Bent Flyvbjerg and Dan Gardner have written a highly informative book titled “How Big Things Get Done,” which sheds light on the reasons behind the astonishing failure rate of 99.5% for major projects.
The book’s message is especially relevant in today’s climate, as the United States embarks on numerous large-scale infrastructure projects with the Chips Act, as well as clean energy projects with the Inflation Reduction Act (IRA). Flyvbjerg is a Danish Professor, speaker, advisor, and author who has consulted on projects worth over one hundred billion dollars. Gardner is a NY Times best-selling author.
The sheer number of large projects that have failed is astounding. These projects include Boston’s Big Dig, California’s fast rail system, as well as numerous Olympic venues. To avoid failure, Flyvbjerg and Gardner recommend careful planning and modular construction based on concepts learned from LEGO building blocks. The LEGO modular brick design originated in Flyvbjerg’s Danish homeland.
The authors also recommend leveraging proven technologies and experienced project leaders. The authors support their analysis with data from the few big projects that have not failed, including the design and construction of the Apple Headquarters and the Empire State Building, as well as Pixar Movie productions, and the projects undertaken by Frank Gehry, a renowned Canadian-American architect.

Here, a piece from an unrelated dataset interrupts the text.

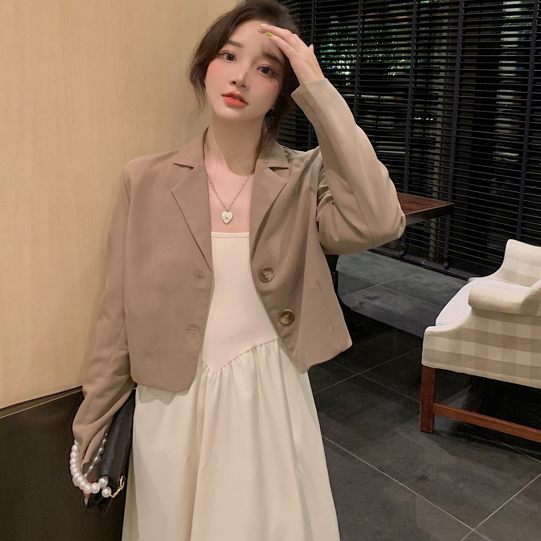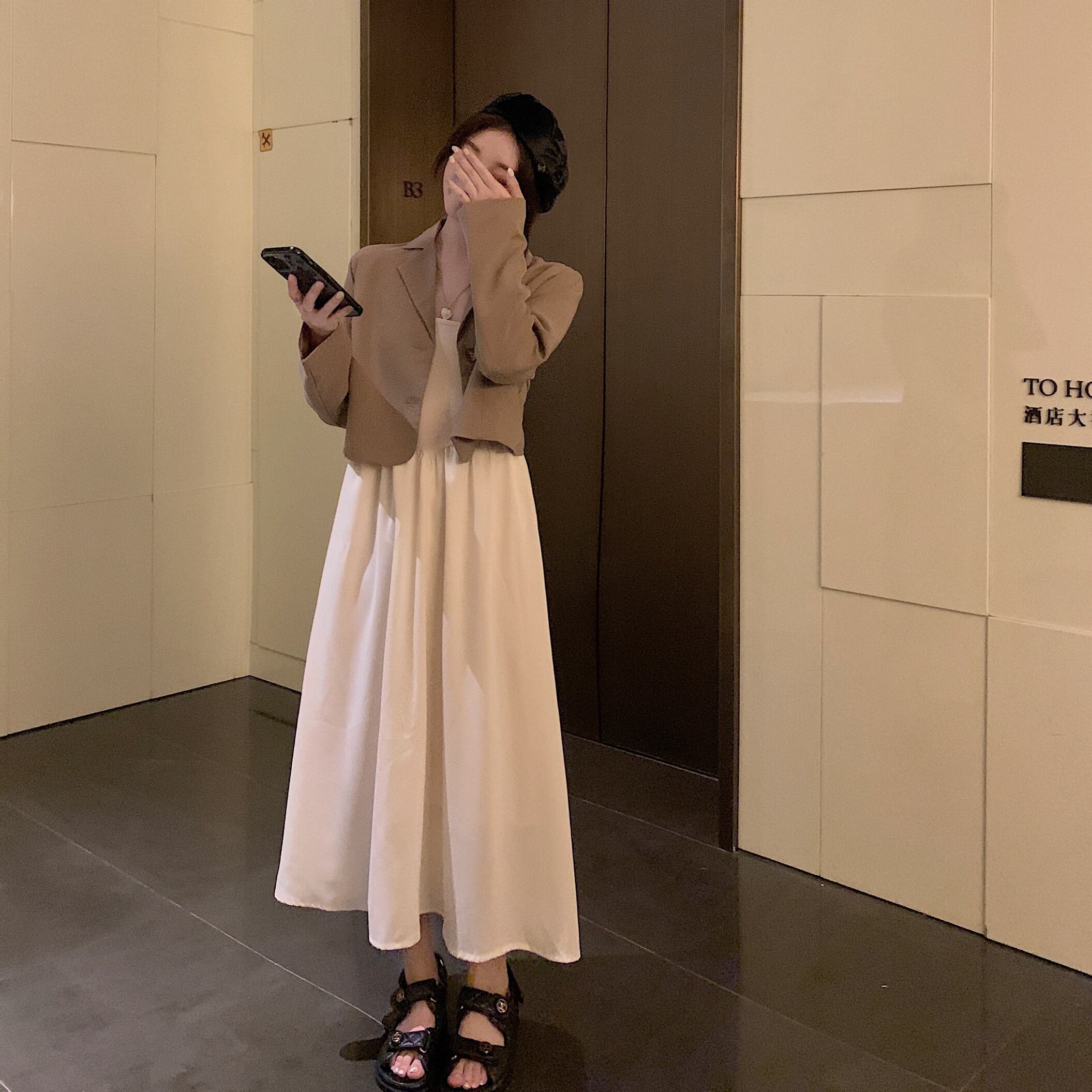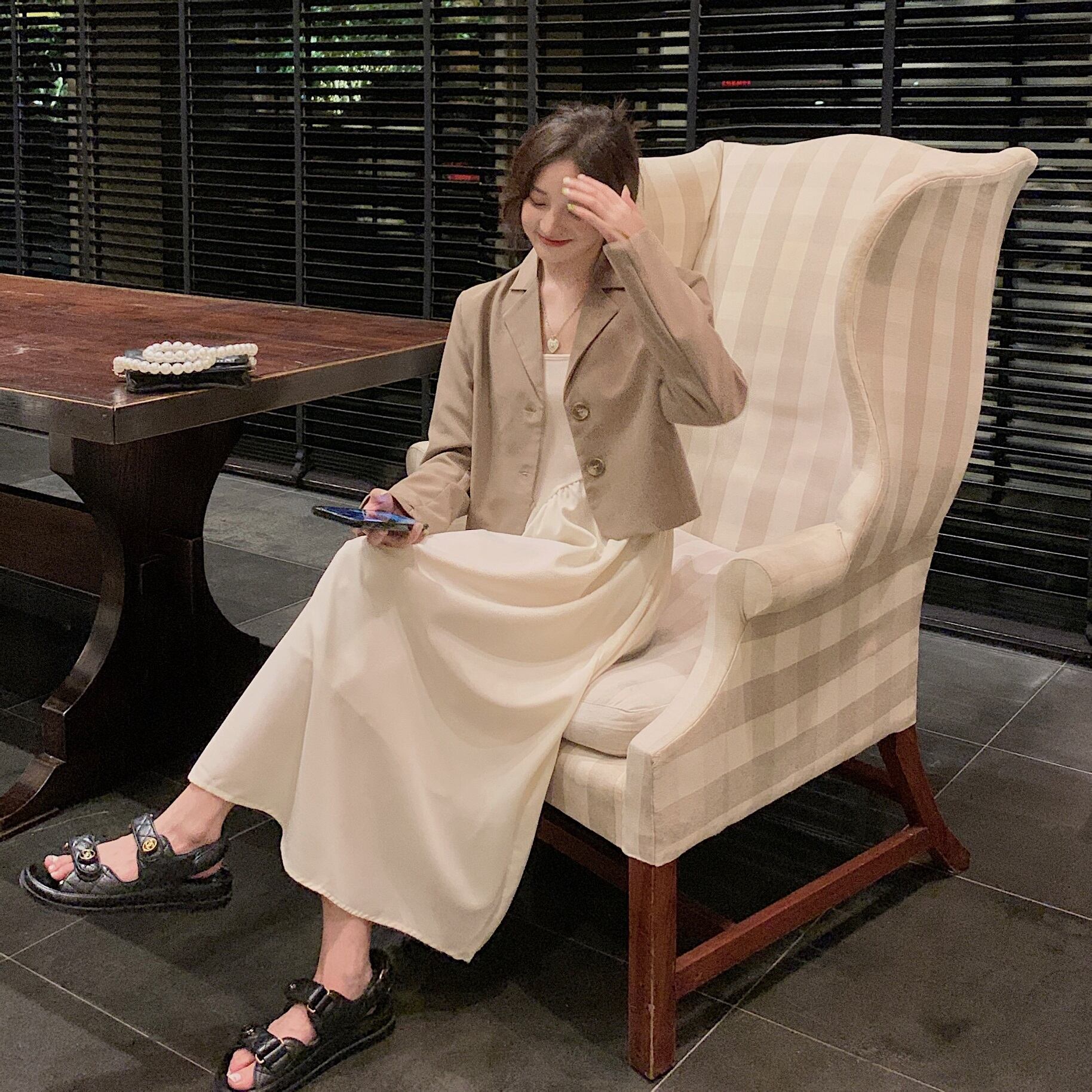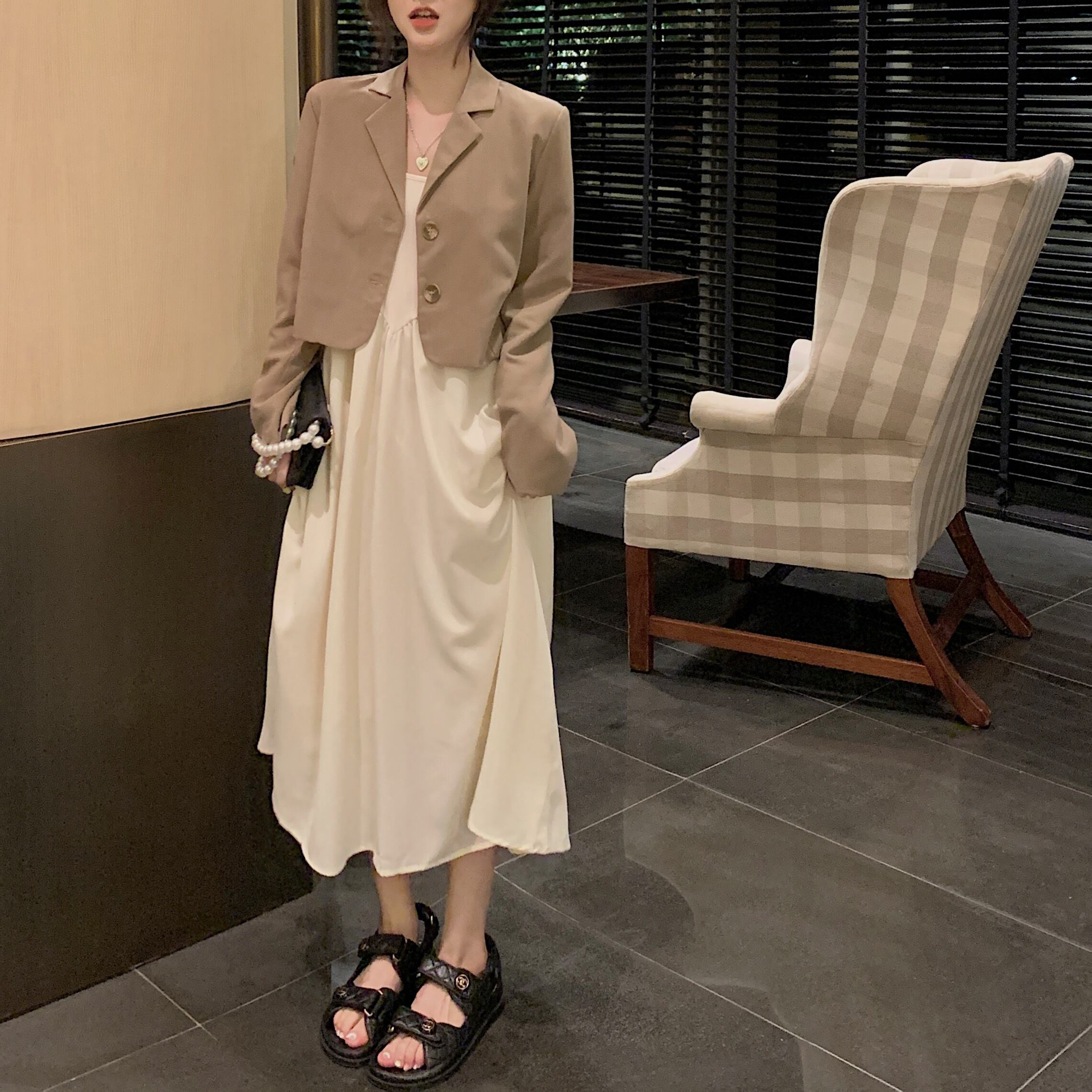 シンプルなロングキャミソールワンピースとバックのリボンがかわいいジャケット。

The Empire State Building’s unique modular design involved its’ construction as 102 separate floors. Similarly, Pixar and Gerhy went to incredible lengths to meticulously model their designs. Despite vastly different project goals, Pixar Studios and Frank Gerhy’s projects are similar in that they require a significant amount of time within the pre-project modeling and design phases.
These design phases are so in-depth that the actual execution of the project is almost anti-climactic. In fact, Gerhy’s design focus is so intense and meticulous that it is likened to the creation of a digital twin (see our article on digital twin design for helicopters). A digital twin is a digital model of a design that is almost indistinguishable from its’ real world, physical counterpart.

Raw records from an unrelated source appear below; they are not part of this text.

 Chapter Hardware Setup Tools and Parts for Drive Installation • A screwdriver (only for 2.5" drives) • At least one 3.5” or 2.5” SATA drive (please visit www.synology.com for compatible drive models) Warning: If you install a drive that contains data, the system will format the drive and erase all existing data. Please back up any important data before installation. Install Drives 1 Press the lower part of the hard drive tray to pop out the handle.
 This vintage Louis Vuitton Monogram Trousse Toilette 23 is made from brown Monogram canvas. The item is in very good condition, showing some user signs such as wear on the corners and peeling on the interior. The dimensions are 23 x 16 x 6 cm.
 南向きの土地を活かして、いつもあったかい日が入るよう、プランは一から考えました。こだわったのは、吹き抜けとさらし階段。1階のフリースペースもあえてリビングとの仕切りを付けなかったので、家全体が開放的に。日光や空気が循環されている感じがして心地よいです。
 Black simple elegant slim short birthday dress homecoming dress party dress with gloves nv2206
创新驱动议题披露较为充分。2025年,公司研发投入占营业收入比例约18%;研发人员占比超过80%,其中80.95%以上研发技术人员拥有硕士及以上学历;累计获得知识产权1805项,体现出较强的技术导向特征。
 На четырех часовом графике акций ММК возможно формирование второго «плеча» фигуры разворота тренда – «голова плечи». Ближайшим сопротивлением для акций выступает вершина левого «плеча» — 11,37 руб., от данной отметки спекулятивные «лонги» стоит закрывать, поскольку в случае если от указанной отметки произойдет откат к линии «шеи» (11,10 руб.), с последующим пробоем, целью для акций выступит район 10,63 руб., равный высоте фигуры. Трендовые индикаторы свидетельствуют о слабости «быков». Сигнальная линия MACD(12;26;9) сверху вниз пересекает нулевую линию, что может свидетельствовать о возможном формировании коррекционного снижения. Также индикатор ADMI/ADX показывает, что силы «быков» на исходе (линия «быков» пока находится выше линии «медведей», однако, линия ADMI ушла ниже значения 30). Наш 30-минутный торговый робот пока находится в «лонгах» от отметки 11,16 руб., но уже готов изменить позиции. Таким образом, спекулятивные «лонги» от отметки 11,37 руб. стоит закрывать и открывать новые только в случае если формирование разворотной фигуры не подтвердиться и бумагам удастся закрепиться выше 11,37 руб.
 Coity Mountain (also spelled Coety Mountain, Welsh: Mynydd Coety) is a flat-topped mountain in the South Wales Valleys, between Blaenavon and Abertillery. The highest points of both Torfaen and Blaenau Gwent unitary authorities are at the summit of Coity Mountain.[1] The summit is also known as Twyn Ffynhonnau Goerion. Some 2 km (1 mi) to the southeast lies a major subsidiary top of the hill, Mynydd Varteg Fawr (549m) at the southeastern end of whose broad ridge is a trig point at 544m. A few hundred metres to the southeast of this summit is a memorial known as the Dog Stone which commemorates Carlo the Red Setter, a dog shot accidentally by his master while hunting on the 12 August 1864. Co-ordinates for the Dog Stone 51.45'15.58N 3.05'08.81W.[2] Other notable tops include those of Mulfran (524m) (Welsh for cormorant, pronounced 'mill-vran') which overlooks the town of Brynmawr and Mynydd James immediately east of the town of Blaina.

The Research & Development Tax Credit
The now permanent Research and Development (R&D) Tax Credit is available for companies developing new or improved products, processes and/or software.
3D printing can help boost a company’s R&D Tax Credits. Wages for technical employees creating, testing and revising 3D printed prototypes can be included as a percentage of eligible time spent for the R&D Tax Credit. Similarly, when used as a method of improving a process, time spent integrating 3D printing hardware and software counts as an eligible activity. Lastly, when used for modeling and preproduction, the costs of filaments consumed during the development process may also be recovered.
Whether it is used for creating and testing prototypes or for final production, 3D printing is a great indicator that R&D Credit eligible activities are taking place. Companies implementing this technology at any point should consider taking advantage of R&D Tax Credits.
With the unprecedented level of major projects commencing in the United States, Flyvbjerg and Gardner’s book has become increasingly relevant. The need for greater levels of pre-project design is a perfect opportunity for 3D printing.
Specifically, 3D printing can allow designers to effectively model their designs and reduce errors through rapid prototyping and design validation.